■ **Problem**
A partial copy is required: transcribe exactly the lines from the one containing "وقالت فاطمة الزهراء" through the last line below, without any pictures.

■ **Dataset excerpt**
---
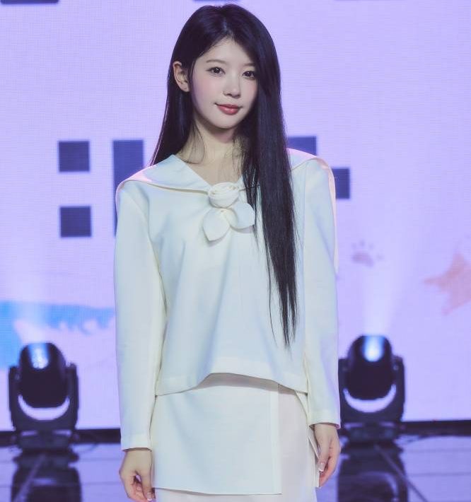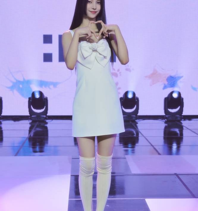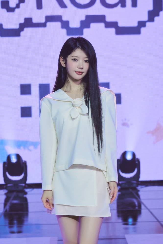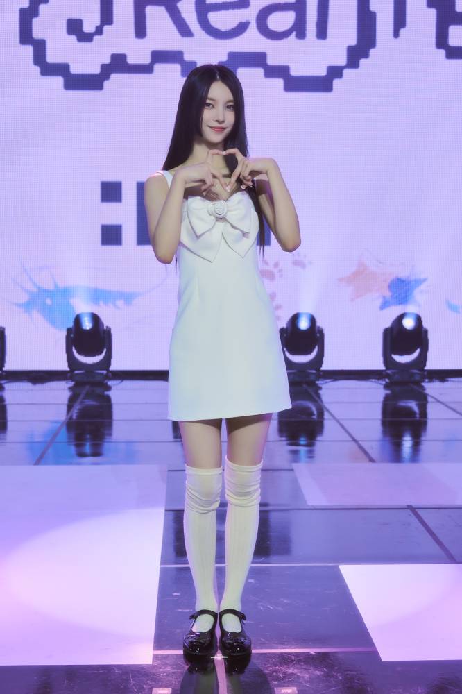 Yunah, 20, Minju, 19, Moka, 19, Wonhee, 16 and Iroha, 16, were presented to the press dressed in white and peach clothes. Iroha came out in a short satin off-shoulder dress with lacy shorts peeking underneath. Minju wore a peach vest over a white top and a peach skirt. Moka wore a white sailor top with a rosy bow and a short skirt and Wonhee had a long-sleeved mod dress on. Yunah wore a sleeveless number with a huge bow on her chest. All wore platform Mary Janes and white tights.
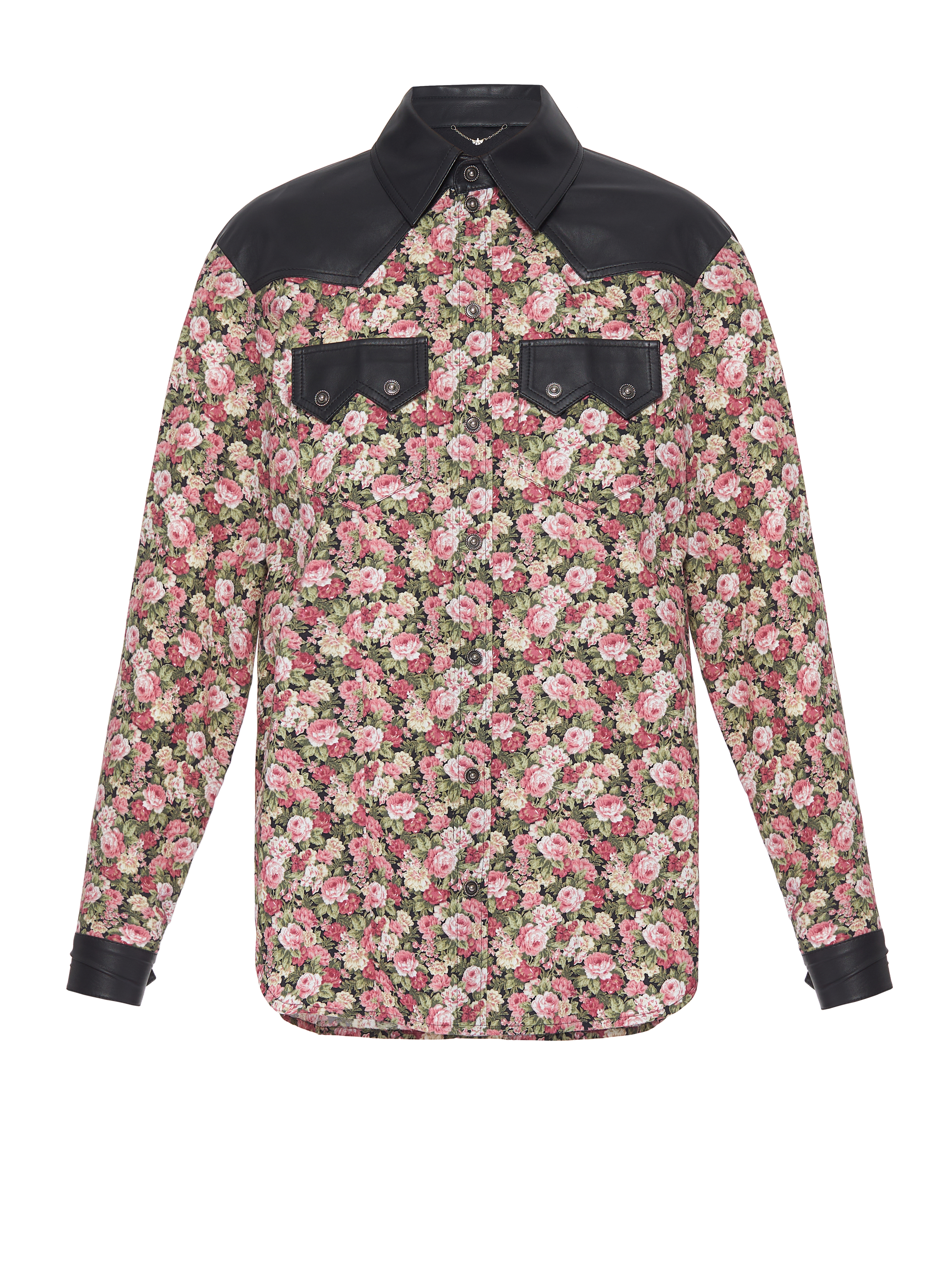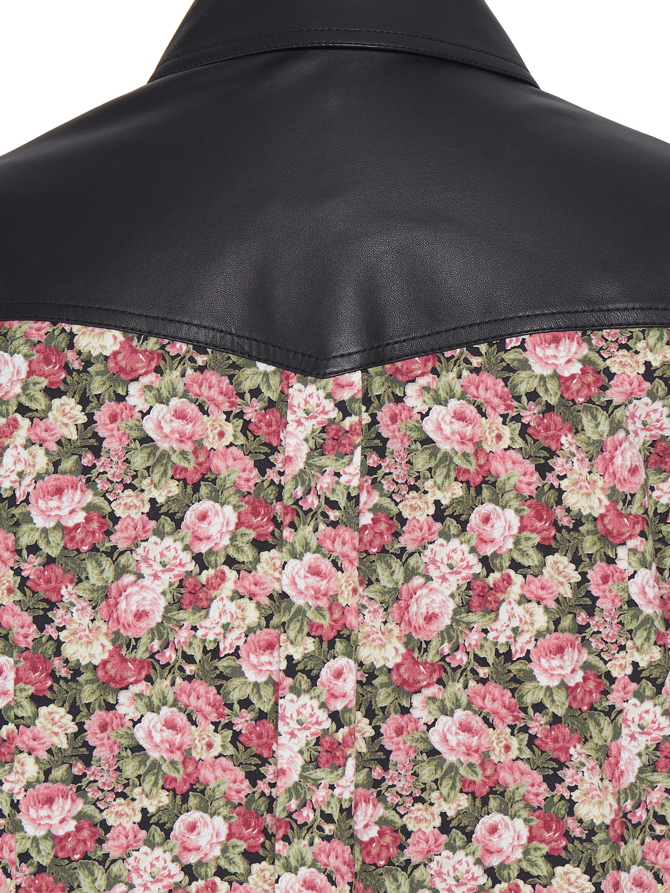 The pink shirt with a floral print is made of natural cotton and complemented by a black leather yoke and shaped leather flaps on the pockets. The model fastens with snaps at the front.
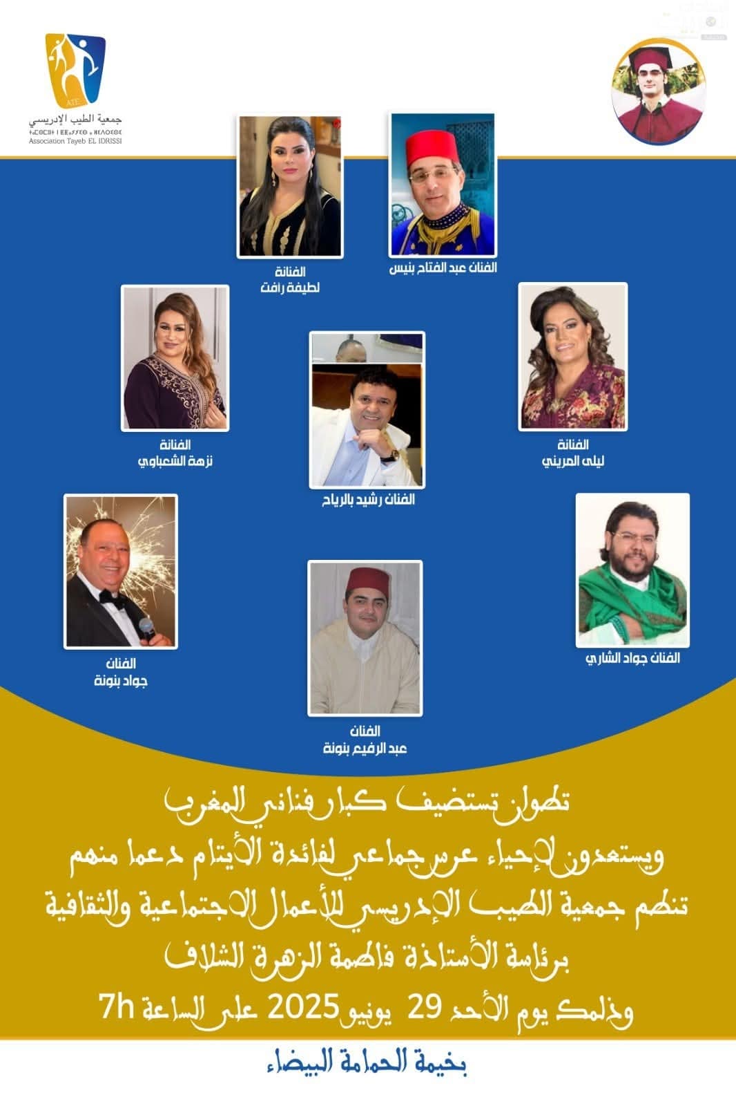 وقالت فاطمة الزهراء الشلاف رئيسة جمعية الطيب الإدريسي للأعمال الاجتماعية والثقافية : ان الملتقى سيشهد حفل فني كبير للعرس الخيري الجماعي لمجموعة من الأيتام ، يحييه مجموعة من عمالقة الفن في المغرب مثل الفنان الكبير المتميز عبد الهادي بنيس ، والفنانة القديرة ليلى المريني ، والفنان جواد الشاري ،
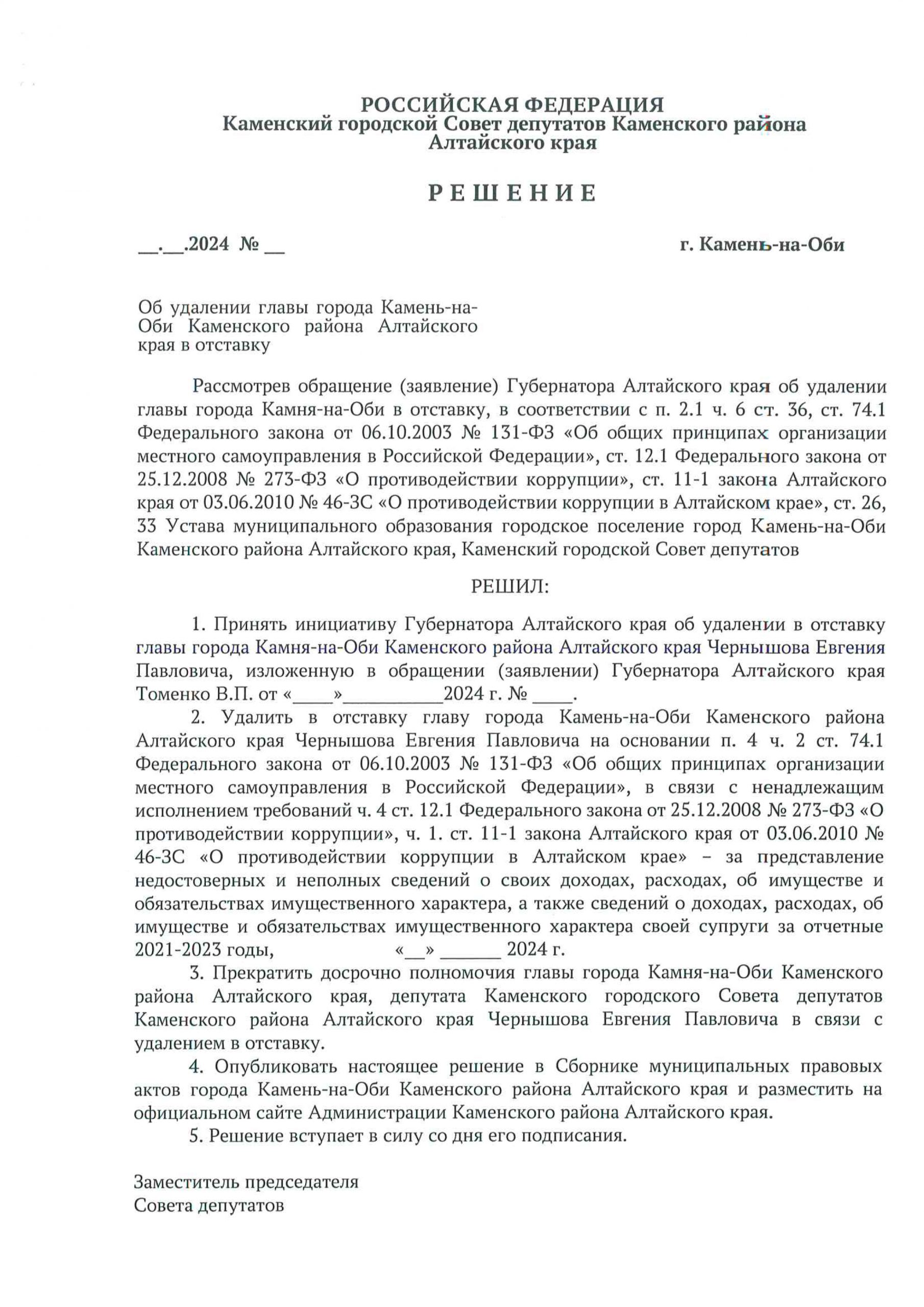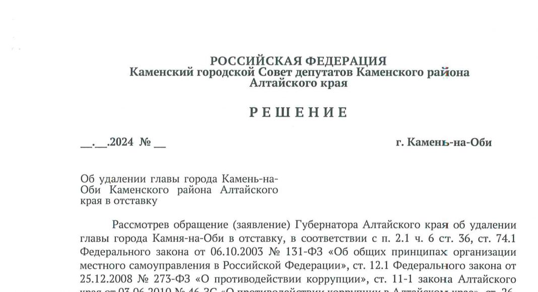 Глава региона направил в адрес горсовета не только обращение (заявление) об удалении главы города в отставку, но и готовый проект решения по этому поводу, который «думцам» останется лишь принять.
---
■ **Written reply**
 وقالت فاطمة الزهراء الشلاف رئيسة جمعية الطيب الإدريسي للأعمال الاجتماعية والثقافية : ان الملتقى سيشهد حفل فني كبير للعرس الخيري الجماعي لمجموعة من الأيتام ، يحييه مجموعة من عمالقة الفن في المغرب مثل الفنان الكبير المتميز عبد الهادي بنيس ، والفنانة القديرة ليلى المريني ، والفنان جواد الشاري ،
 Глава региона направил в адрес горсовета не только обращение (заявление) об удалении главы города в отставку, но и готовый проект решения по этому поводу, который «думцам» останется лишь принять.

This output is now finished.